= Elias Mallet da Rocha Barros =

Elias Mallet da Rocha Barros (born 1946) is a Brazilian psychoanalyst. He is influenced by the Kleinian tradition, and has made significant contributions to the post-Bionian tradition of psychoanalysis.

== Biography ==
Rocha Barros studied psychology at the University of São Paulo, and then went on to receive additional training in Paris and in London. He eventually trained as a psychoanalyst in Great Britain. His training analyst was Herbert Rosenfeld. He also worked with John Steiner at the Tavistock Clinic, before eventually returning to Brazil, where he has since worked as an analyst, and a training analyst. He has also worked for the IPA and the International Journal of Psychoanalysis. In 1999 he received the Sigourney Award.

== Work ==
Rocha Barros' contributions are two-fold:

- he helped bridge the divide between Latin American psychoanalysis and British psychoanalysis by supporting and overseeing the translations of various works from the British tradition into Brazilian Portuguese;
- a number of clinical papers, which often draw on philosophical or artistic references, such as Kandinsky.

=== Clinical ===
Rocha Barros' work is strongly influenced by the work of W.R. Bion. According to Fred Busch, Barros shares with Antonino Ferro the idea to conceptualize reverie, a central Bionian concept, as a "surprising dream-like image that comes to the analyst’s mind and contains strong emotional elements." Similar to Ferro, the da Rocha Barros use the concept of the affective pictogram, which they take from the work of Piera Aulagnier. In his most widely cited paper, Affect and pictographic image (2000), Elias da Rocha Barros offers the following definition:I use the concept of pictogram specifically to refer to a very early form of mental representation of emotional experiences, the fruit of alpha function (Bion, 1963), that creates symbols by means of figurations for dream thought, as the foundation for and the first step towards thought processes.Rocha Barros distinguishes three type of meaning, which emerge in the analytic context, and which are to be explored by way of reverie: hidden meaning, absent meaning, and potential meaning. Hidden meaning has been the concern of Classical psychoanalysis, it refers to "repressed elements", often relating to twisted sexual connotations that get lost due to internal censoring. Absent meaning results from a "pregnant pressure [...] exerted on psychic life by unconscious internal objects whenever any new situation comes up that confronts the ego." Potential meaning expresses itself in the realisation of an absent meaning.

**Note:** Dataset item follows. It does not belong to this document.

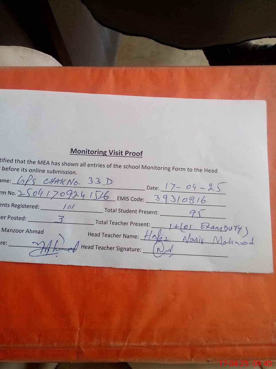 | EMIS Code: 39310816 | Name of School: GPS CHAK NO. 33-D | |||

The clinical encounter is therefore essentially creative: meaning is not merely recovered but created relationally.

== Reception ==
Rocha Barros received the Sigourney Award in 1999, highlighting his contributions to the Latin American scene of psychoanalysis, in particular in Brazil. Fred Busch has included the work of Elias da Rocha Barros and his wife Elizabeth in a group of significant post-Bionians, the other two being Thomas Ogden and Antonino Ferro.

== Bibliography ==

=== Selected Articles ===

- 1989 Le clivage dans la position paranoide-schizoide et dans la position dépressive. In: Le Trimestre Psychanalytique. 3: 125–142. Revista da “Association Freudienne”. Paris: Joseph Clims Éditeur. (with E.L. Rocha Barros)
- 1995. The problem of originality and imitation in psychoanalytic thought. In: International Journal of Psychoanalysis. 76: 835–843.
- 1998. On countertransference: a critical view of the concept. In: Boletim do Instituto da Sociedade Brasileira de Psicanálise do Rio de Janeiro. 3: 38-50
- 2000. Affect and pictographic image: The constitution of meaning in mental life. In: International Journal of Psychoanalysis. 81.6: 1087–1099.
- 2002. An essay on dreaming, psychical working out and working through. In: International Journal of Psychoanalysis. 83: 1083–1093.
- 2002. First interview and one session with ‘Ana’. In: International Journal of Psychoanalysis. 83: 569–574.
- 2011 Reflections on the clinical implications of symbolism. In: International Journal of Psychoanalysis. 92: 879–901. (with E.L. Rocha Barros).
- 2013. What does the presentation of case material tell us about what actually happened in an analysis and how does it do this?. In: International Journal of Psychoanalysis. 94(6). 1145–1152.